After executing a "heavy" workload, the resource_manager queue may have unacked messages in it. To reproduce you can: 1. Execute the heavy workload and let it finish. We've triggered this with a `hammer product synchronize --id xx` which would sync ~30 repos (often with no new packages) and then publish those repos. 2. List the qpid queue statistics: `qpid-stat -q --ssl-certificate=/etc/pki/katello/qpid_client_striped.crt -b amqps://localhost:5671` 3. Observe a output like the following: queue dur autoDel excl msg msgIn msgOut bytes bytesIn bytesOut cons bind ================================================================================================================================================================= <snip> resource_manager Y 19 338 319 33.4k 567k 534k 1 2 <snip> 4. Observe that all Pulp tasks have completed with state finished, and yet there are still messages in the 'msg' column. 19 in the example above.
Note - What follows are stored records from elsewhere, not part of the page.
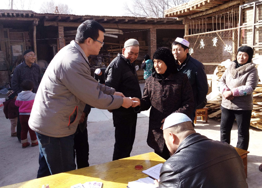 包毅為貧困戶發放慰問金,宣傳精準扶貧政策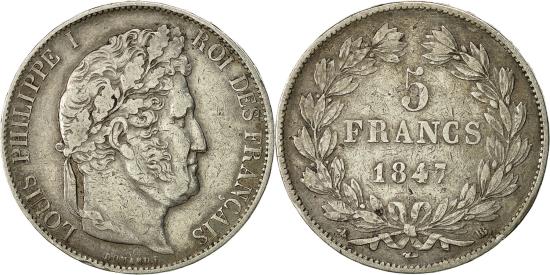 | | Coin, France, Louis-Philippe, 5 Francs, 1847, Strasbourg, , Silver | | | Louis-Philippe, Laureate head right, Mint marks at edge outside wreath | | FEATURES |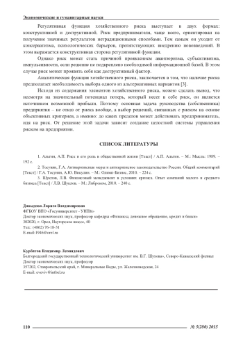 1. Альгин, А.П. Риск и его роль в общественной жизни [Текст] / А.П. Альгин. - М.: Мысль: 1989. - 192 с.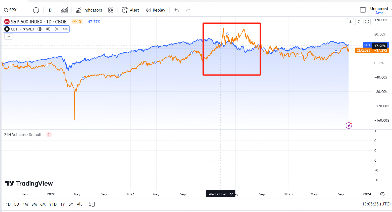 The bears compare the price trend of $S&P 500(.SPX)$ and oil prices $WTI Crude Oil - main 2311(CLmain)$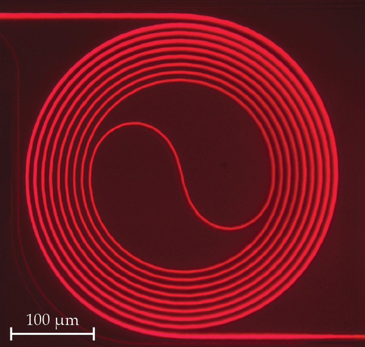 Once the Ti:sapphire layer is thinned, it needs to be etched to create a waveguide, illustrated in figure 2, that serves as the laser cavity. The spiral waveguide, seen in figure 3, keeps the light inside the lasing medium for longer, thereby amplifying the light, than if the light had taken a straight path. Sapphire’s hardness makes waveguide etching a difficult and often long process. So the researchers developed a pattern-transfer method that uses an electron-beam photoresist and a chromium mask that can withstand the lithography process.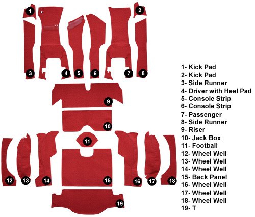 • No pad on 63-4 Corvettes. Latex or foam back only.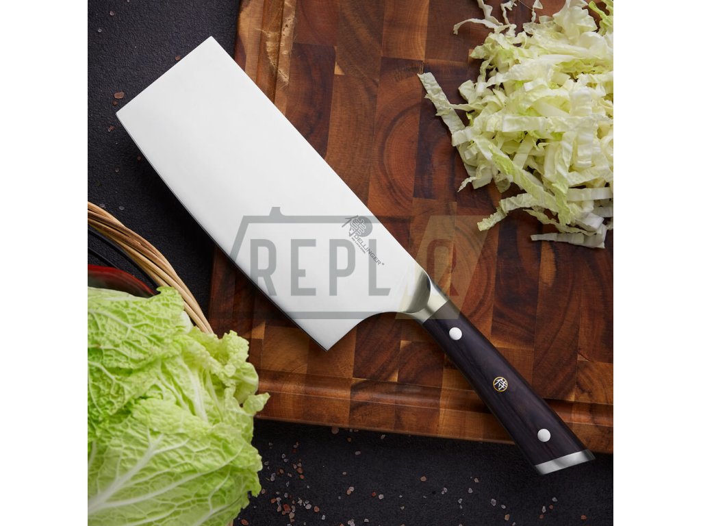V Číně se tento typ nože nazývá "TAO", což znamená "meč" od konvenčních kuchyňských nožů se liší tím, že ostří je tlustší a širší a je schopen řezat velké kusy (jako je maso, kuře atd.) - využívá se k sekání a řezání zeleniny a masa. Čínský nůž je ideální pro krájení menších kusů vykostěného masa a drůbeže. Velmi dobře si poradí s krájením a sekáním tvrdé zeleniny - včetně velkých hlav kapusty a hlávkového zelí. V asijské kuchyni funguje tento stylový čínský nůž jako "šéfkuchařský nůž", který nabízí překvapivou všestrannost, hbitost a ostrost. Vrchní část čepele lze použít k drcení zázvoru nebo česneku, zatímco ostří řeže, seká a krájí s mimořádnou přesností. Extra vysoký profil čepele umožňuje vynikající a jednoduchý přenos nakrájených polotovarů do hrnce nebo pánve.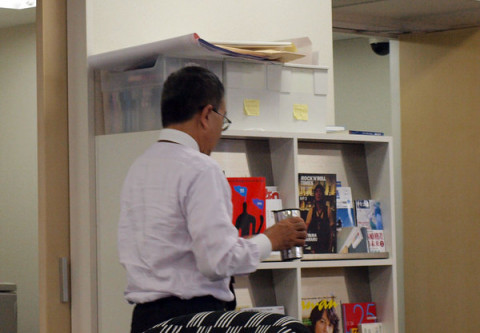 突然のカサイ みんなの大好きな 「ワーワー、カサイさーん」 「時計の秒針が早いカサイさーん」 「前置きのないカサイさーん」 「突然そっけなくなるカサイさーん」 「何!?」 (振り向いた! は…、早く誰か話題を!) 「カサイさん、最近髪を切られましたか?」 「切ってない! 2週間くらいぜんぜん切ってない!」 「髪形はどういう指定をしてるんですか?」 「短く! それだけ! 床屋さんはどこでもいいの!」 あ、もう背中を向けた! 早い。 今日も突然が得意のカサイさんでありました。 いつかに、つづく。 2009/09/10 18:42 |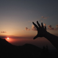 The image shows a silhouette of a person's hand and arm extended towards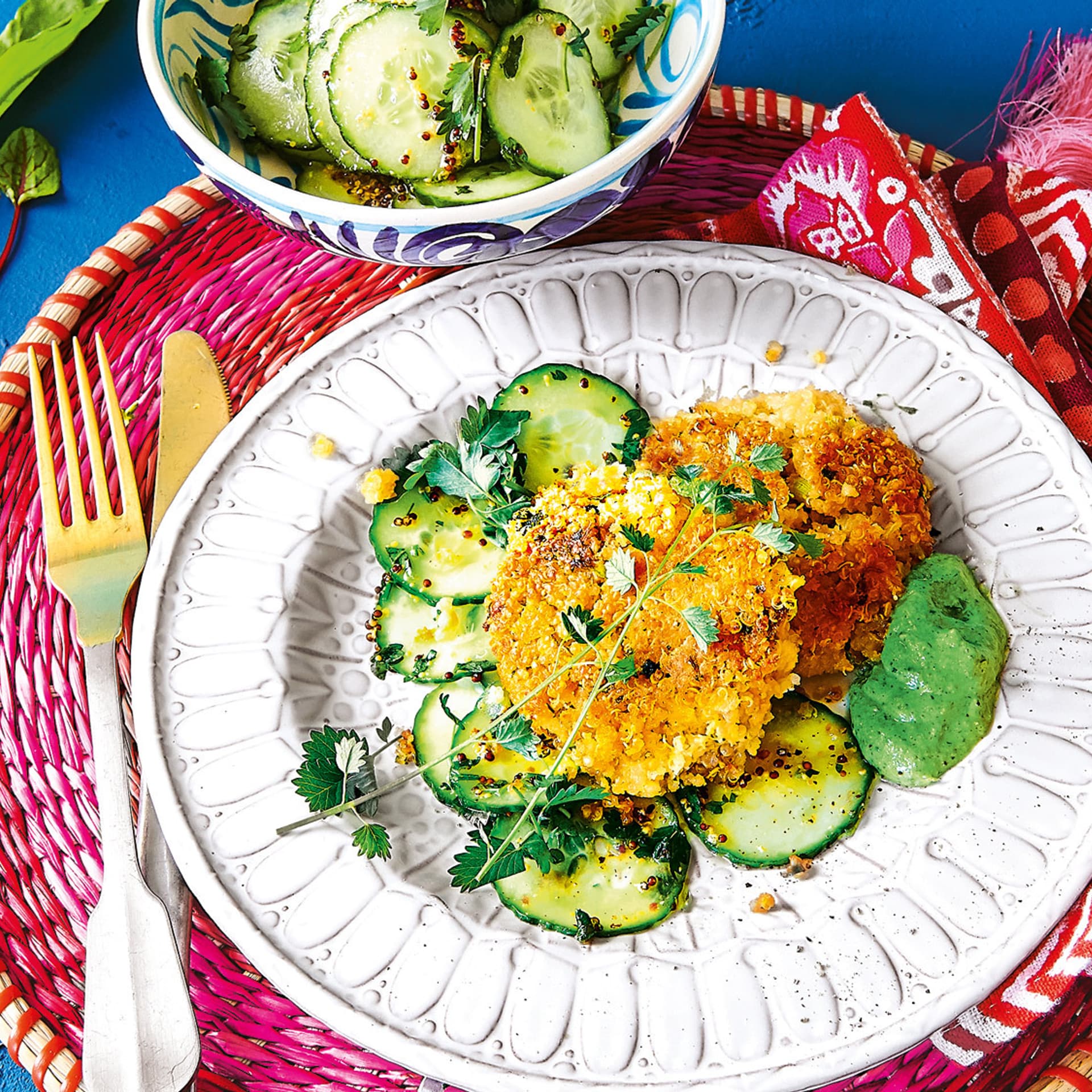 Quinoa Mit Brokkoli Pastinakenpuffern Rezept Gusto At

You can verify all Pulp tasks as being completed by connecting to mongo, switching to the pulp_database, and running `db.task_status.find({ state:{ $ne: "finished" } } ).count()`. If all pulp tasks are finished that query will return 0. This has been observed on both EL6 and EL7.
These unacked messages are being processed correctly, so the user should not be able to observe the problem while using Satellite. It is not expected to cause incorrect operation. Based on input from the Qpid team, and from my own experiments, this bug will not cause deadlock. Fixing this is important because it makes the possible deadlocking bug[0] more difficult to determine if a system actually is deadlocked. [0]: https://bugzilla.redhat.com/show_bug.cgi?id=1288223
The Pulp upstream bug status is at ASSIGNED. Updating the external tracker on this bug.
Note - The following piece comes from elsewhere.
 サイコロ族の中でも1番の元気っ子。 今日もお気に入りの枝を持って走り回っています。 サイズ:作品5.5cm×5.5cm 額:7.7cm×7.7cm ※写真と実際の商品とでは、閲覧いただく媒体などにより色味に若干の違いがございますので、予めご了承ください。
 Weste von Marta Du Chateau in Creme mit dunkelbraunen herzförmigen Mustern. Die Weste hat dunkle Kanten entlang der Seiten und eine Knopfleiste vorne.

The Pulp upstream bug priority is at Normal. Updating the external tracker on this bug.
The Pulp upstream bug priority is at High. Updating the external tracker on this bug.
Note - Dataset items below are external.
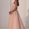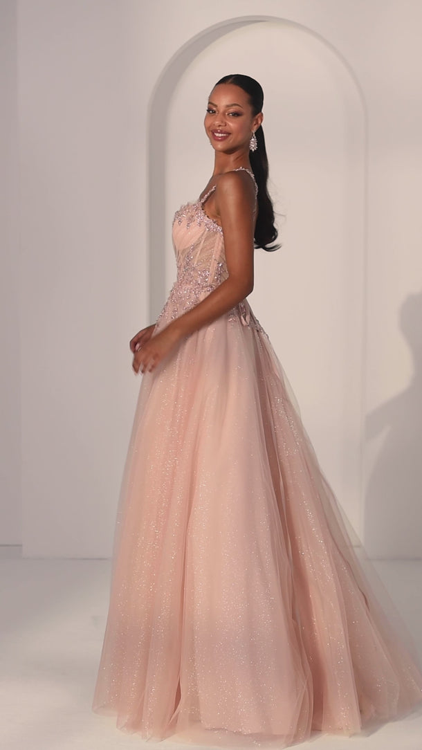 Step into enchanting glamour with this glitter tulle ball gown party dress. The sheer ruched bodice is adorned with delicate floral glitter details, while a lace-up corset back sculpts the waist for a flawless fit. The full A-line skirt flows effortlessly with sparkling layers of tulle, creating a dreamy, statement-making silhouette perfect for moments where you want to shine.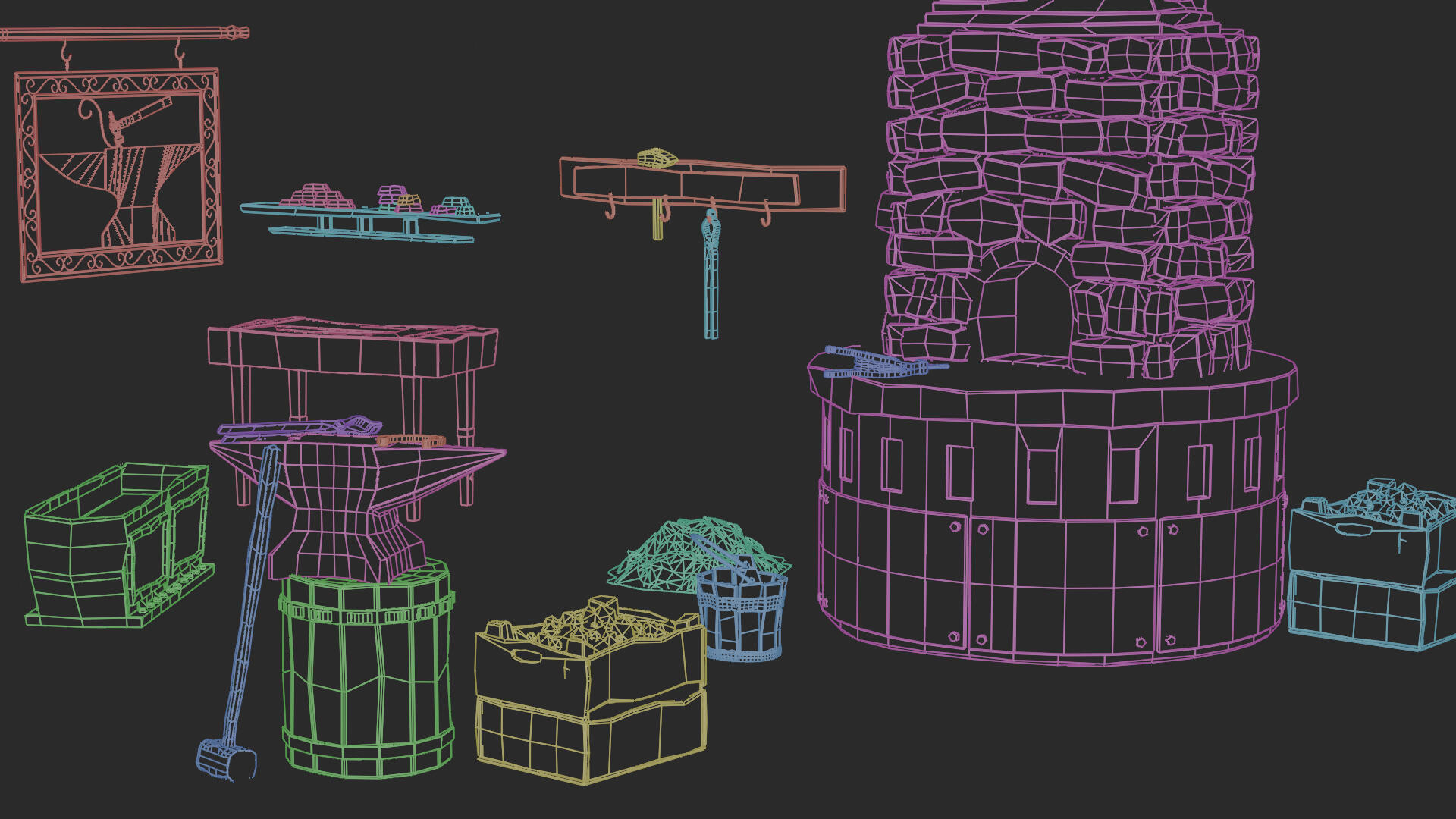 A compact blacksmith workshop kit for fast set dressing, built around a simple single-material workflow.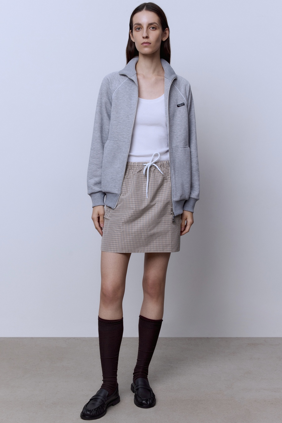 Юбка-мини в клетку из нейлона, бежевый-серый-белый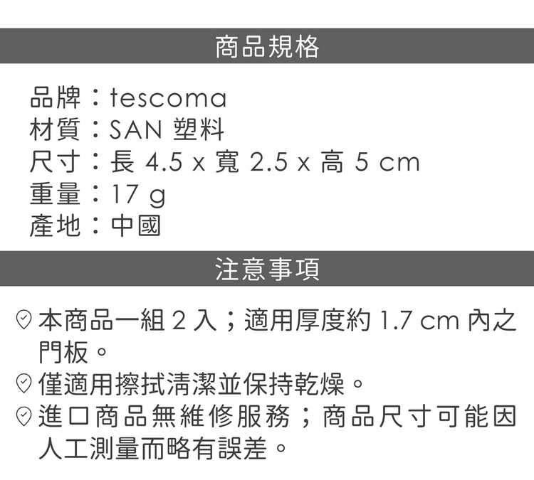 品牌:tescoma材質:SAN 塑料尺寸:長 4.5 x 寬 2.5 x 高 5 cm重量:17 g產地:中國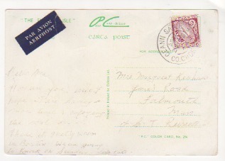 The postcard is from Catherine Cronin to her sister Margaret Keohane, Jones Road, Falmouth, Mass ℅ C T Russell - it is postmarked from Kinsale - Sean Saile. I think the rest of the postmark is County Cork in Irish - Co. Chorcai.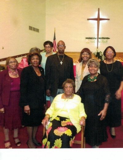 Picture shown: Sis. Betty Pennywell, Sis. Zola Drain, Sis. Vallie Mims, Bro. John Christopher, Sis. Shirley Wright, Sis. Ruth Bryant, Sis. Nadine Mitchell, Sis Bernice Mock (seated)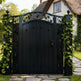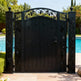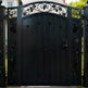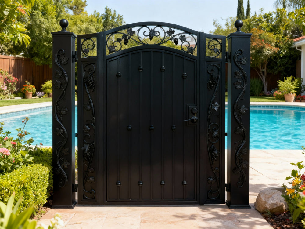 ornate wrought iron man door, grapevine scroll side gate, vineyard garden entry, Canadian custom gate, Taimco decorative passage door, manual operation alley gate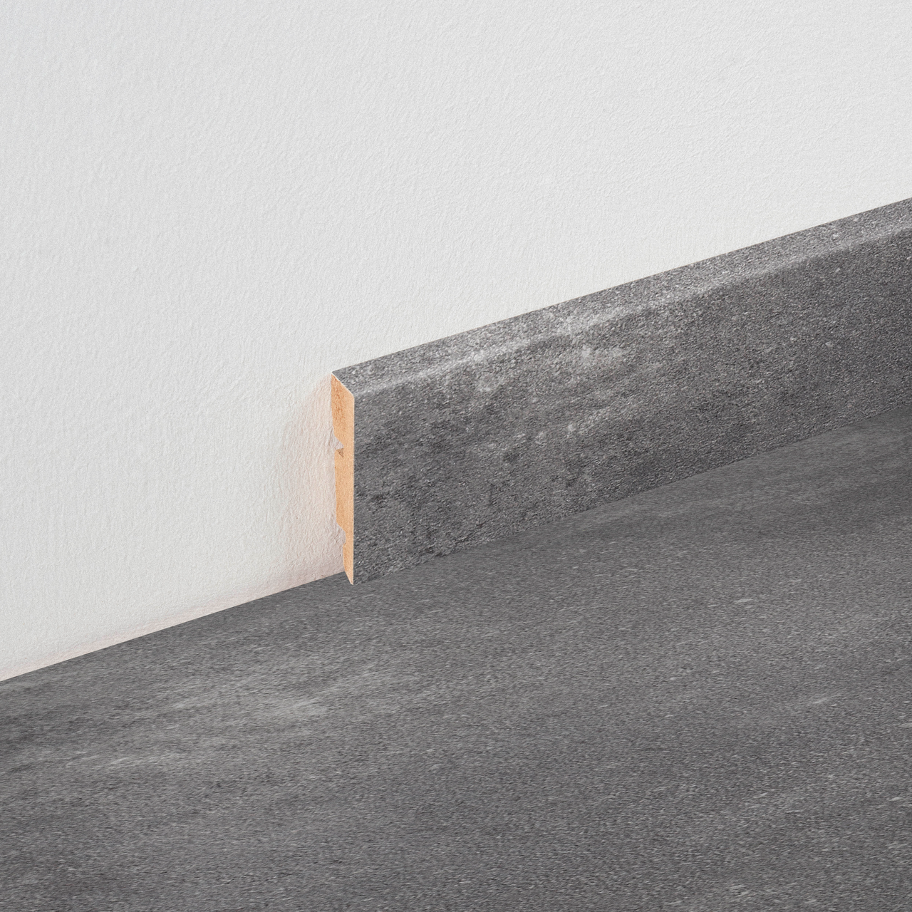 Disse sokkellistene fra BerryAlloc passer til gulv i samme dekor, og gir rommet et helhetlig uttrykk. Listene installeres med lim eller clips.

The Pulp upstream bug status is at POST. Updating the external tracker on this bug.
I've tested this upstream, and they builds completed. I then installed it on the reproducer machine and it fully resolved the issue**. Downstream should build python-kombu to be the same as what is inside upstream python-kombu-3.0.24-11.pulp. That was created with this commit[0], which I believe is the only commit that is not already applied to downstream. The downstream python-kombu should contain exactly the same source and patches as [1]. This is for 6.1.z. For 6.2.0, upstream will be building a newer version of python-kombu which will be included in an upcoming beta and will later be built in downstream. I'll ensure that version will also contain this fix. [0]: https://github.com/pulp/pulp/commit/0d2de5d5272bab25c25e392b5b887665b5f89465 [1]: https://github.com/pulp/pulp/tree/0d2de5d5272bab25c25e392b5b887665b5f89465/deps/python-kombu **: 1) 2 task fail, but it ends up in an error state and pulp reports some normal pulp error (ie: a connection error). 2) After the reproducer was run, there were 0 tasks left in the resource_manager queue (or any worker) so everything got processed. This is very different than the what happened before. 3) I verified that the resource_manager emitted a task xxx started and a corresponding task xxx stopped. None were "unrun" according to the logs. This is also different than before.
The Pulp upstream bug status is at MODIFIED. Updating the external tracker on this bug.
VERIFIED with sat6.1.7 compose1 ~]# qpid-stat -q --ssl-certificate=/etc/pki/katello/qpid_client_striped.crt -b amqps://localhost:5671 | grep -ie queue -ie resource_manager Queues queue dur autoDel excl msg msgIn msgOut bytes bytesIn bytesOut cons bind resource_manager Y 0 207 207 0 343k 343k 1 2 ----------------------------------------------------------------------------- ~]# mongo pulp_database MongoDB shell version: 2.4.9 connecting to: pulp_database Server has startup warnings: Fri Feb 5 04:36:00.647 [initandlisten] Fri Feb 5 04:36:00.647 [initandlisten] ** WARNING: Readahead for /var/lib/mongodb is set to 4096KB Fri Feb 5 04:36:00.647 [initandlisten] ** We suggest setting it to 256KB (512 sectors) or less Fri Feb 5 04:36:00.647 [initandlisten] ** http://dochub.mongodb.org/core/readahead > db.task_status.find({ state:{ $ne: "finished" } } ).count() 0 ----------------------------------------------------------------------------- task_status in finished state is 0 and msg cloumn is 0
Since the problem described in this bug report should be resolved in a recent advisory, it has been closed with a resolution of ERRATA. For information on the advisory, and where to find the updated files, follow the link below. If the solution does not work for you, open a new bug report. https://access.redhat.com/errata/RHSA-2016:0174
The Pulp upstream bug status is at ON_QA. Updating the external tracker on this bug.
The Pulp upstream bug status is at CLOSED - CURRENTRELEASE. Updating the external tracker on this bug.